FTC Endorsement Rules for Paid Telehealth Creators

The FTC's 2023 updates to its endorsement guides changed how paid creator partnerships must be disclosed in telehealth advertising. What changed, what your creator contracts need to require, and how to handle disclosure in short-form video.

June 8, 20268 min read

FTC endorsement rules for paid telehealth creators are more demanding than most brands and creators realize — and the 2023 updates to the FTC's Guides Concerning the Use of Endorsements and Testimonials in Advertising raised the bar further. If your telehealth brand works with UGC creators, patient ambassadors, physician influencers, or any other person who receives compensation — including free products, discounted services, or affiliate commissions — in exchange for creating or posting content about your brand, those FTC rules apply to every piece of content that person produces in connection with your brand.

The stakes in telehealth are higher than in most other categories because healthcare advertising is already under heightened FTC scrutiny, and because consumer trust in medical decisions is so consequential that the FTC treats deceptive health advertising as a priority enforcement area. An influencer or creator who fails to properly disclose their relationship with your telehealth brand creates FTC liability for both the creator and the brand — and in the health category, the brand is typically the primary enforcement target.

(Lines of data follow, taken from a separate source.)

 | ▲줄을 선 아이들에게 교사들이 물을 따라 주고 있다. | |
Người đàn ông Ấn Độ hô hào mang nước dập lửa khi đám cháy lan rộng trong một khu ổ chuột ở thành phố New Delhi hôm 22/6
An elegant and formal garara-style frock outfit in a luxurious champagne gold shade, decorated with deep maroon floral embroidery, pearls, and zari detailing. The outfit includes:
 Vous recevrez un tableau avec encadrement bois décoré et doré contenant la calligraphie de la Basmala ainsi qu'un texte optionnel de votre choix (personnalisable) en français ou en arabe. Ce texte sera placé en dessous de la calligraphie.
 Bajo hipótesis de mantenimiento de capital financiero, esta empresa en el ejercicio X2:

What the 2023 Endorsement Guide Updates Changed

The 2023 updates to the FTC's endorsement guides formalized several positions the FTC had taken in previous enforcement letters and made them binding policy. The most significant changes for telehealth brands: the guides now explicitly cover endorsements made by means of tags, likes, pins, and other social media interactions — not just written or spoken endorsements. A creator who consistently "likes" or shares your brand's content in exchange for compensation must disclose that relationship in those interactions.

The 2023 guides also addressed virtual influencers and AI-generated personas — stating that if a marketer creates a virtual influencer and uses it to endorse its own products, the connection between the marketer and the influencer must be disclosed. This has direct implications for telehealth brands that use AI-generated personas in their marketing, as discussed in our guide to AI-generated people in telehealth ads. Additionally, the 2023 guides strengthened the requirement that endorsers must have used the endorsed product — a creator who claims to use your GLP-1 program but does not actually use it is making a false statement that exposes both the creator and the brand to FTC action.

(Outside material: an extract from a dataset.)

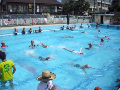 9月12日、1・2年生はプール納めをしました。天候にもめぐまれ、子どもたちは気もちよさそうに泳いでいました。最後の検定に、全力で挑戦した子どもたち。今年の夏も、自分の目標に向かって一生けんめい練習し、大きく成長することができました。まっ黒に日焼けした子どもたちの笑顔が光っていました。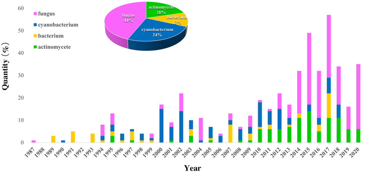 Natural products derived from marine microorganisms have received great attention as a potential resource of new compound entities for drug discovery. The unique marine environment brings us a large group of sulfur-containing natural products with abundant biological functionality including antitumor, antibiotic, anti-inflammatory and antiviral activities. We reviewed all the 484 sulfur-containing natural products (non-sulfated) isolated from marine microorganisms, of which 59.9% are thioethers, 29.8% are thiazole/thiazoline-containing compounds and 10.3% are sulfoxides, sulfones, thioesters and many others. A selection of 133 compounds was further discussed on their structure-activity relationships, mechanisms of action, biosynthesis, and druggability. This is the first systematic review on sulfur-containing natural products from marine microorganisms conducted from January 1987, when the first one was reported, to December 2020.

The Clear and Conspicuous Disclosure Standard

The FTC's disclosure standard is "clear and conspicuous" — the disclosure must be presented in a way that is noticeable, readable, and understandable to a typical consumer. For video content, this means: audio disclosure (not just text overlay) when the content is primarily audio/video; disclosure at the beginning of the content, not buried after engagement has already occurred; disclosure language that a typical viewer would actually understand as indicating a paid relationship ("I'm being paid to share this," "ad," "sponsored" — not vague terms like "partner," "collab," or "in partnership with [brand]" that research shows consumers often do not recognize as paid advertising disclosures).

TikTok and Instagram both have built-in paid partnership disclosure tools. Using these tools does not automatically satisfy the FTC's clear-and-conspicuous standard — they are platform features, and the FTC evaluates compliance based on its own standard rather than the presence of a platform label. But using these tools consistently, combined with explicit disclosure language in the creator's caption or audio, is the current best practice for meeting both platform policy and FTC requirements simultaneously.

What Compensation Triggers Disclosure Requirements

The FTC's material connection requirement covers any relationship that might affect how a consumer evaluates the endorsement. Compensation includes cash payments, free products or services, discounts, commissions on sales, gifts, and employment relationships. For telehealth brands, this means: a patient who receives a free consultation month in exchange for a testimonial video must disclose the free service; an affiliate creator who earns a percentage of new patient sign-ups they refer must disclose the commission; an employee who posts about the brand on their personal account must disclose their employment relationship.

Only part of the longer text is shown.